LLM-as-Judge based AI Agent testing library with multi-turn conversations, AI simulated users, and statistical analysis

@agtlantis/eval

Unit testing for AI Agents

Overview

Traditional unit tests are deterministic — same input, same output, pass or fail. AI Agents are non-deterministic. The same prompt can produce different outputs, and "correctness" is often a spectrum, not a binary.

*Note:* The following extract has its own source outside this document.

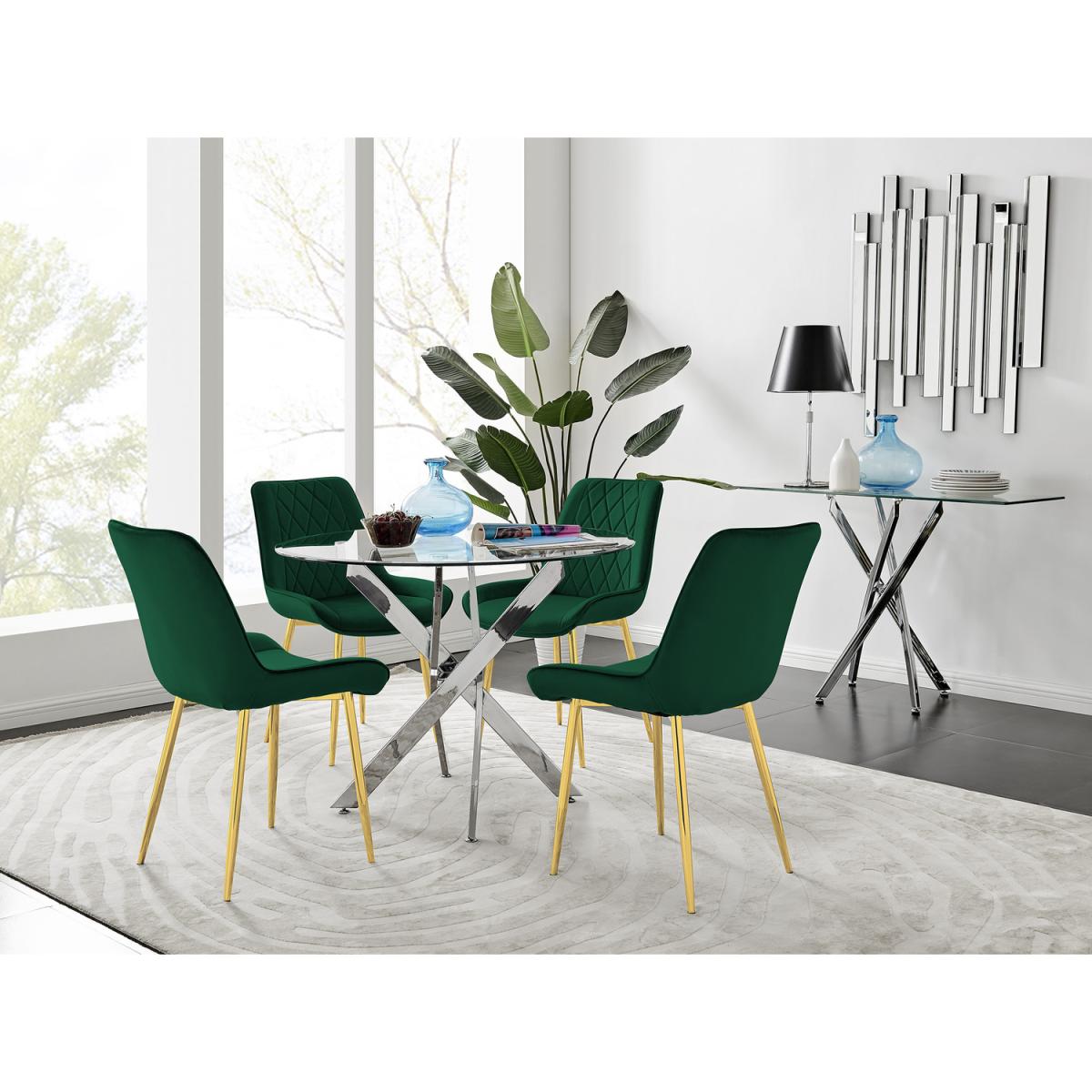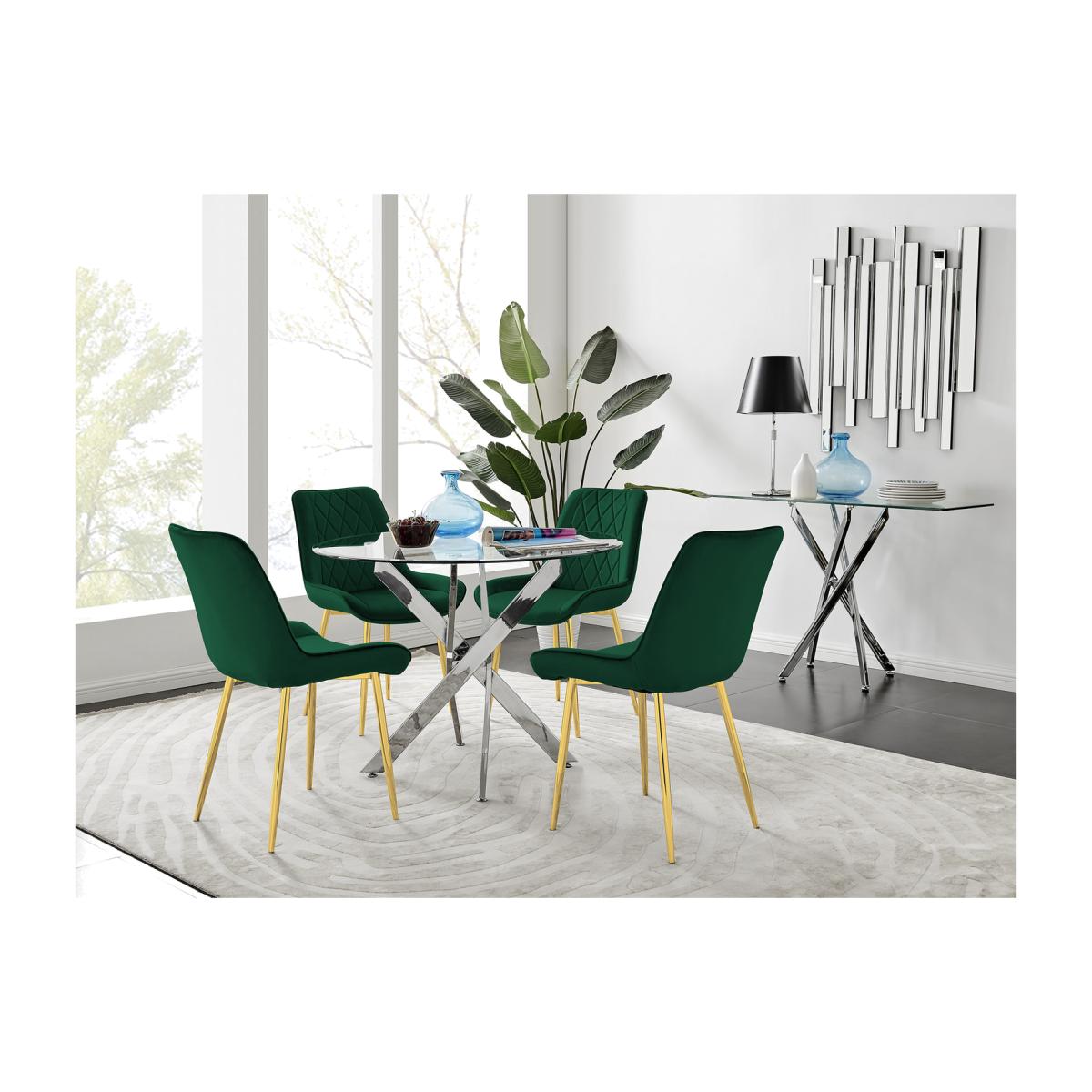 The strikingly elegant Novara dining table is a stylish and modern combination of chrome and glass, making this item a real eye-catcher. The chrome metal legs provide strong and sturdy support for the table, whilst the unique intertwined nest design exudes modern style. This table really is capable of being a centrepiece in any home! With a generous 100x100cm surface, you can dine in style with up to 4 guests. Modernise your dining area with our luxurious velvet upholstered Pesaro Dining Chairs. With a nod to the Mid-century modern design era, the Pesaro features gorgeous textured diamond stitching with an ergonomically designed curved seat pad blending seamlessly to the supporting medium-high backrest. Sat atop elegant slightly tapered legs in black, chrome or gold effect. The Pesaro is a perfect match for any dining table or used as a luxe vanity seat in the bedroom, as an occasional chair for the living area or to add a bit of luxury to your home office.

@agtlantis/eval embraces this reality with LLM-as-Judge evaluation, statistical iterations, and multi-turn conversation testing.

Features

LLM-as-Judge Evaluation — Use AI to evaluate AI with customizable criteria
Multi-turn Conversations — Test complex dialogues with termination conditions
AI Simulated Users — Automatically generate realistic user inputs with personas
Statistical Iterations — Run tests multiple times and analyze results statistically
Cost Tracking — Built-in pricing tables with per-component cost breakdown
Schema Validation — Validate outputs with Zod schemas (binary pass/fail)
Hybrid Evaluation — Combine programmatic and LLM-based criteria
Prompt Improvement — Get AI-generated suggestions to improve your agent's prompts
CLI Runner — Run evaluations from the command line with TypeScript configs
Markdown Reports — Generate detailed, human-readable evaluation reports

Installation

Not published to npm yet. Use from the monorepo:

git clone <repo-url>
cd agtlantis
pnpm install
pnpm build

Note: zod is a required peer dependency for schema validation features.

Quick Start

1. Define Your Agent

import type { EvalAgent, AgentPrompt } from '@agtlantis/eval'

interface QAInput {
  question: string
}

interface QAOutput {
  answer: string
  confidence: 'high' | 'medium' | 'low'
}

const qaAgent: EvalAgent<QAInput, QAOutput> = {
  config: {
    name: 'qa-agent',
    description: 'A Q&A agent that answers questions accurately',
  },
  prompt: {
    id: 'qa-prompt',
    version: '1.0.0',
    system: 'You are a helpful Q&A assistant. Answer questions accurately and concisely.',
    renderUserPrompt: (input) => input.question,
  },
  execute: async (input) => {
    // Your actual LLM call here
    return {
      result: { answer: 'The answer...', confidence: 'high' },
      metadata: { tokenUsage: { input: 10, output: 20, total: 30 } },
    }
  },
}

2. Create a Judge

import { createOpenAIProvider } from '@agtlantis/core'
import { createJudge, accuracy, relevance } from '@agtlantis/eval'

const provider = createOpenAIProvider({
  apiKey: process.env.OPENAI_API_KEY!,
}).withDefaultModel('gpt-4o-mini')

const judge = createJudge({
  provider,
  criteria: [
    accuracy({ weight: 2 }),
    relevance(),
    {
      id: 'conciseness',
      name: 'Conciseness',
      description: 'The answer is brief and to the point',
    },
  ],
  passThreshold: 70,
})

3. Run Evaluations

import { createEvalSuite, reportToMarkdown } from '@agtlantis/eval'

const suite = createEvalSuite({
  agent: qaAgent,
  judge,
  agentDescription: 'Q&A agent that answers general knowledge questions',
})

const testCases = [
  { id: 'capitals', input: { question: 'What is the capital of France?' } },
  { id: 'math', input: { question: 'What is 2 + 2?' } },
  { id: 'history', input: { question: 'Who wrote Romeo and Juliet?' } },
]

const report = await suite.run(testCases, { iterations: 5, concurrency: 2 })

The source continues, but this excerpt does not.